I noted some time ago that the Alpha AXP has a dedicated branch to coroutine instruction. The behavior of this instruction is to branch to the address held in the specified register, but the interesting part is how the instruction is predicted: The processor predicts a branch to the address at the top of the return address predictor stack, and the value at the top of the return address predictor stack is replaced by the address of the instruction that follows the JSR_CO
.
Why does the processor use this algorithm? Why doesn’t it just push the address of the following instruction onto the return address predictor stack?
Let’s illustrate with an example. Note that the entire issue of JSR_CO
applies only to stackful coroutines. Stackless coroutines use normal JSR
subroutine calls.
Consider two coroutines that call each other. On entry to the first coroutine, the return address predictor stack contains the return address predictions for the code that will run once the first coroutine returns.
… X2 X1
The first coroutine does some stuff and then calls the second coroutine. The processor incorrectly predicts a transfer to X1
. This initial misprediction is unavoidable because there was no opportunity to put it on the predictor stack in the first place. The processor then puts the first coroutine’s resumption address onto the top of the predictor stack, replacing X1
.
… X2 C1
The second coroutine runs for a while, and then transfers control back to the first coroutine. This time, the processor correctly predicts a transfer to C1
. It then puts the second coroutine’s resumption address onto the return address predictor stack, replacing C1
.
… X2 C2
The first coroutine does some stuff, say it calls a helper function that returns.

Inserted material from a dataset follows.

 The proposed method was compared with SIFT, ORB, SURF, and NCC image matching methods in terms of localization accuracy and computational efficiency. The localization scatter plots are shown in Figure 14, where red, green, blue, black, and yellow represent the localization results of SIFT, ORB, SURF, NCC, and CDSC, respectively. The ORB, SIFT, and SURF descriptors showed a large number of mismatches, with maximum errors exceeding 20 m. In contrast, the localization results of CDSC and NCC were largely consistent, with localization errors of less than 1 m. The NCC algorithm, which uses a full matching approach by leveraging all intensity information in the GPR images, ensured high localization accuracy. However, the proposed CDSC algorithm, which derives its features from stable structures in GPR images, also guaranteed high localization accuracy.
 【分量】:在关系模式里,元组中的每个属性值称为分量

The call is a normal JSR
, so it pushes C1b
onto the return address predictor stack, and the helper function returns with a normal RET
, which pops the correctly-predicted address off the stack. In general, normal non-coroutine calls are predicted in the usual way, and when control is in the first coroutine, the pushes and pops on the predictor stack cancel out, and the return address predictor stack still looks like this:
… X2 C2
The first coroutine now calls back into the second coroutine, which resumes where it left off, namely at C2
, which also matches the predicted return address. The resumption location in the first coroutine replaces C2
, leaving
… X2 C1c
And so on. Control transfers back and forth between the two coroutines, and their resumption locations take turns at the top of the predictor stack. Let’s say that the second coroutine is now finished, so it transfers control to the first coroutine for the last time.
… X2 C2z
Here, C2z
is a resumption address for the second coroutine, but it will never be used since the coroutine is finished. (The processor doesn’t know that, so it puts it onto the return address predictor stack anyway.)

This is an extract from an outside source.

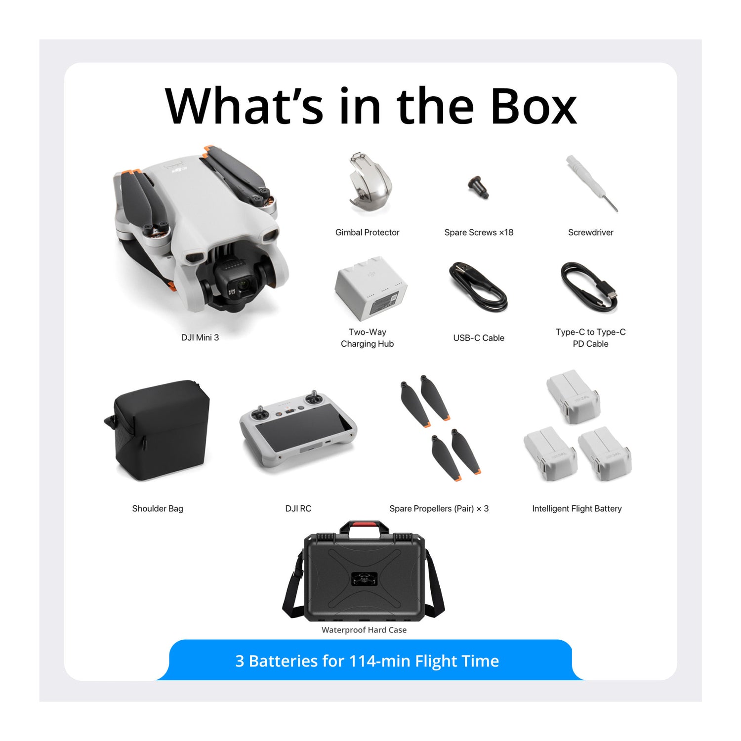 DJI Mini 3 Camera Drone with DJI RC Remote Controller (Fly More Combo) with Waterproof Hard Case bundle

The first coroutine now returns to its caller, which was X1
, but that return address was lost to the predictor stack ages ago. The return is mispredicted.
… X2
But the bad state lasts for only one frame. When the caller returns to its own caller, the return address X2
will be right there at the top of the return address predictor stack, and things are back to normal.
Now, since these are stackful coroutines, there’s no requirement that the transfer back to the first coroutine happen at the top level of the second coroutine. In the case where the second coroutine transferred back to the first coroutine from a subroutine, the return address predictor will not only mispredict the transfer back to the first coroutine, but it’ll also have the other return addresses, too, corresponding to activation frames still active in the second coroutine.
… X2 C2c C3 C4
This prediction stack will pay off if the first coroutine transfers back to the second coroutine, since it will resume with a stack whose C2
through C4
entries exactly match the activation frames.
In general, the algorithm for managing the return address predictor stack works well if a coroutine transfers out of its stack at the same frame that it transferred in. If it transfers out in a nested call, then the predictor won’t work, but there wasn’t much you could have done about them anyway.
You’re also out of luck if control cycles among three or more coroutines. Again, there wasn’t much you could have done about this either.
So what you're saying is that they're optimising for the common case where two coroutines are calling each other. Each coroutine resumes at the point where it called the other coroutine, so when that coroutine transfers back, you want to predict the coroutine transfer instruction to transfer to to the address after the previous coroutine transfer instruction. One way of doing that would be to have a dedicated predictor register for that address, but the...
So I’m a bit confused: why does the instruction replace the head of the predictor stack on a coroutine call instead of pushing it?
Work it out. If it pushed without a corresponding pop, then none of the X predictions would be correct. The coroutines would gradually consume the entire prediction stack.